Enter Metagenomics: These badass scientists are also crazy. In fact, you could say they are even more insane than comparative geneticitists. Instead of taking one organism and comparing its genome against another, they like to take hundreds if not thousands of genomes, stick them in a blender, stick it on the smoothie setting, then take the resulting mush and sift through it using a strainer made of complicated mathematics and unreadable algorithms. The end products are beautiful graphs and statistics describing worlds science would never get to see if scientists only studied organisms in the lab.

It is difficult to do this smoothie trick with large, multicellular organisms. But it works great for things like bacteria, viruses, and any other microbe out there. This is good, because the majority of microbes out in the wild will never see the sterile environment of the lab; because they are picky. They need special conditions to thrive and when there are millions of different species all being picky, the lab scientists choose the good, easy going, species. Which is wonderful for doing research into the fundamental nature of genetics, but when you want to understand what’s happening out in the real world you need to be able to look at what’s actually living in the real world.
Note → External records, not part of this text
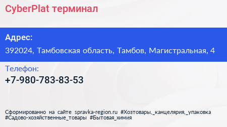 CyberPlat, терминал по адресу 392024, Тамбовская область, Тамбов, Магистральная, 4 в дальнейшем Организация, размещена в следующих категориях:
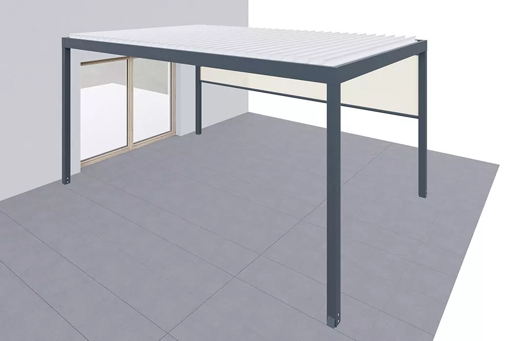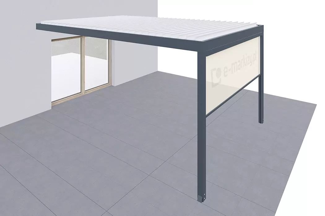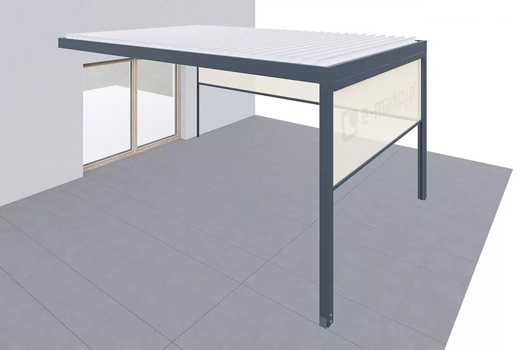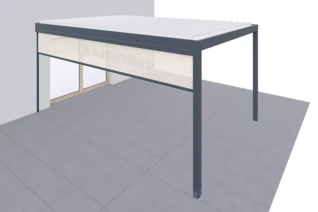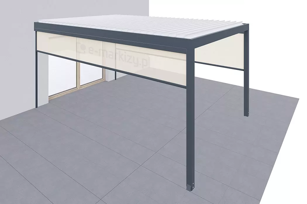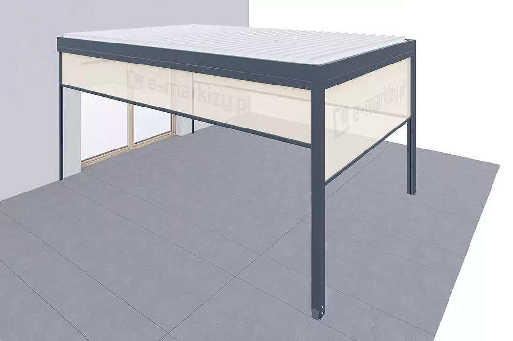 The Sun Screen screen type roller blind provides protection against wind from the front of the terrace. The cover is mounted on aluminum guides from the inside of the pergola structure. The side cover is controlled using a dedicated wireless remote control.
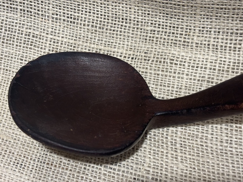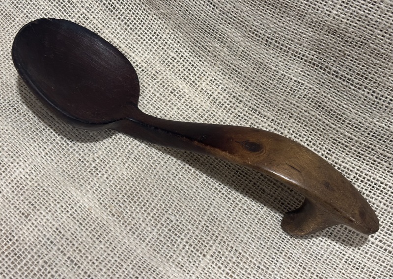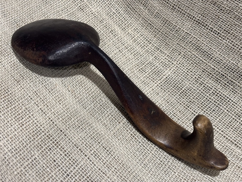 Wonderful early Treen ladle with horses head effigy at handles end. Great patina, measures 10” long.
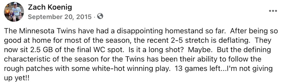 As the dog days of August 2015 came to a close, the Minnesota Twins looked to be falling out of the playoff race—even Wild Card contention. The early season mega-optimism had seemingly given way to regression to the mean.
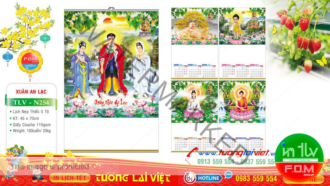 Lịch 5 tờ nẹp thiếc thường được in Offset 1 mặt trên giấy C105gsm, có kích thước: 36×70 và 45x70cm. Lịch 5 tờ Lịch phật giáo là mẫu lịch tờ treo tường giá rẻ nên được nhiều cửa hàng nhỏ lẻ chọn in lịch tết năm nay để làm quà tặng cuối năm cho khách hàng, bạn bè, đối tác và người thân nhân dịp năm mới.
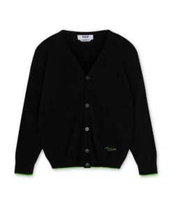 Plain-coloured cardigan in virgin wool and cashmere. Contrasting hand-embroidered style logo detail. Ribbed neckline, cuffs and hem. Hem detail in contrasting colour on the bottom and cuffs. V-neck with front tone-on-tone button closure. Regular fit.
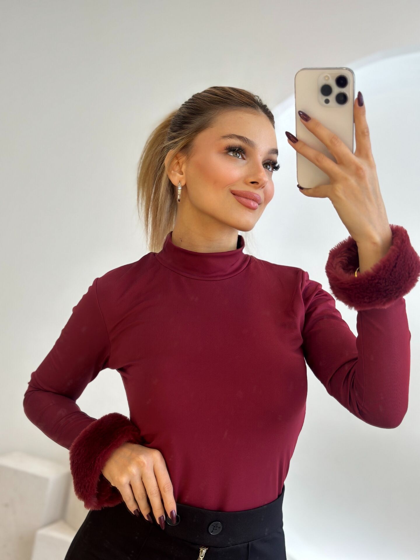 Ürün özellikleri : Likralıdır.Kollarındaki peluş detayları konbininize şıklık katacaktır .İster içlik ,ister kombin tamamlayıcısı olarak kullanabilirisniz
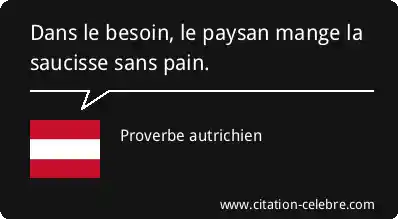 Dans le besoin, le paysan mange la saucisse sans pain.
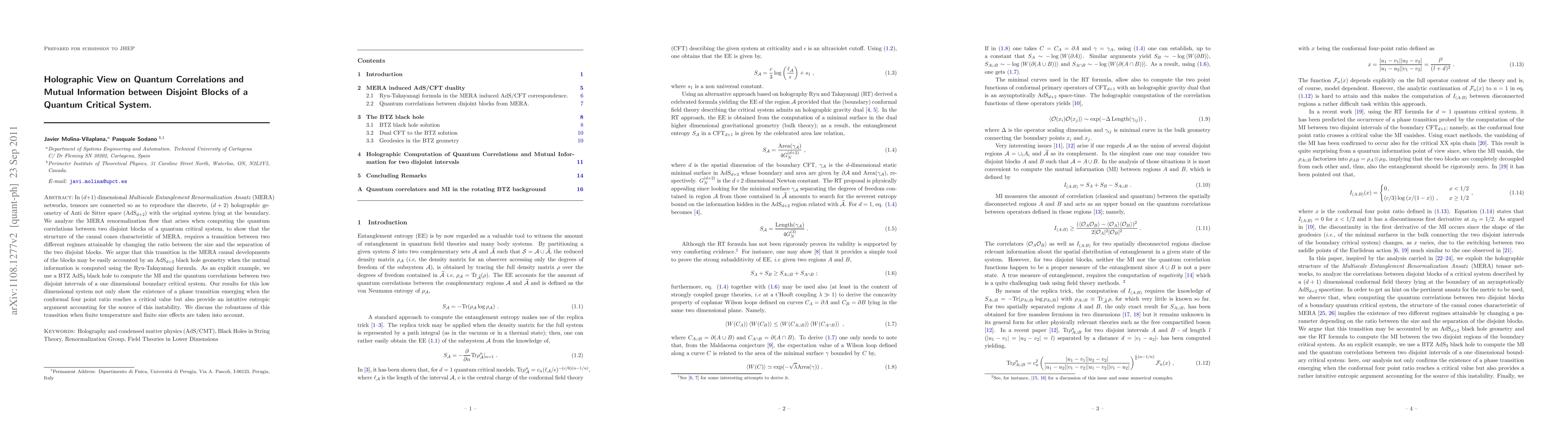 In (d+1) dimensional Multiscale Entanglement Renormalization Ansatz (MERA) networks, tensors are connected so as to reproduce the discrete, (d + 2) holographic geometry of Anti de Sitter space (AdSd+2) with the original system lying at the boundary. We analyze the MERA renormalization flow that arises when computing the quantum correlations between two disjoint blocks of a quantum critical system, to show that the structure of the causal cones characteristic of MERA, requires a transition between two different regimes attainable by changing the ratio between the size and the separation of the two disjoint blocks. We argue that this transition in the MERA causal developments of the blocks may be easily accounted by an AdSd+2 black hole geometry when the mutual information is computed using the Ryu-Takayanagi formula. As an explicit example, we use a BTZ AdS3 black hole to compute the MI and the quantum correlations between two disjoint intervals of a one dimensional boundary critical system. Our results for this low dimensional system not only show the existence of a phase transition emerging when the conformal four point ratio reaches a critical value but also provide an intuitive entropic argument accounting for the source of this instability. We discuss the robustness of this transition when finite temperature and finite size effects are taken into account.

Metagenomic scientists are like the astronomers looking out into the edges of the universe for new planets and galaxies. But their universe ranges from the gut of a person to the vast oceans covering our planet. The things they have discovered tell a story of a world in which humanity is deep in a relationship with microbes, a relationship we have been approaching all wrong. Our immune system is constantly chatting with the bacteria in our intestines, letting each other know who’s good, bad, and ugly. Scientists have found unknown bacteria in toxic mine waste breaking down the toxic stuff we left there. In agriculture, researchers have been able to identify what microbe is causing a disease and are also able to see the incredible diversity of microbes in the soil, even identifying fungi important to the health of crops. New compounds important to the creation of medicines or biofuels have been found using metagenomic analysis of eDNA. The list continues and is growing everyday.

The more we discover using metagenomic analysis the more we realize that when we dump loads of fertilizers, pesticides, herbicides, fungicides, and other nasty chemicals onto our crops to “help them grow” we are actually killing the microbes which actually help them grow. Or when we leave toxic compounds strewn across the landscape such as with mining and oil operations, it is the microbes which clean up after us. When we use antibiotics we kill all the bacteria in our gut, the same bacteria that helps us digest our food, prevent nasty infections, and produce certain compounds we need to stay healthy. It becomes even more incredible when we consider that phytoplankton, sunlight eating microbes of the ocean, are responsible for the majority of the oxygen we breathe and the removal of carbon dioxide from the air. They are also the base of the food chain, without phytoplankton there would be no tasty fish, crabs, or oysters for us to eat. Global warming is causing the ocean to become more acidic, changing what phytoplankton thrive and with it the what animals further up the food chain thrive.

The profound impact that metagenomics is having on our understanding of the world is brewing a new generation of scientists who, while legally insane and treated like a highly sought after commodity, are also some of the most ridiculously amazing scientists out there.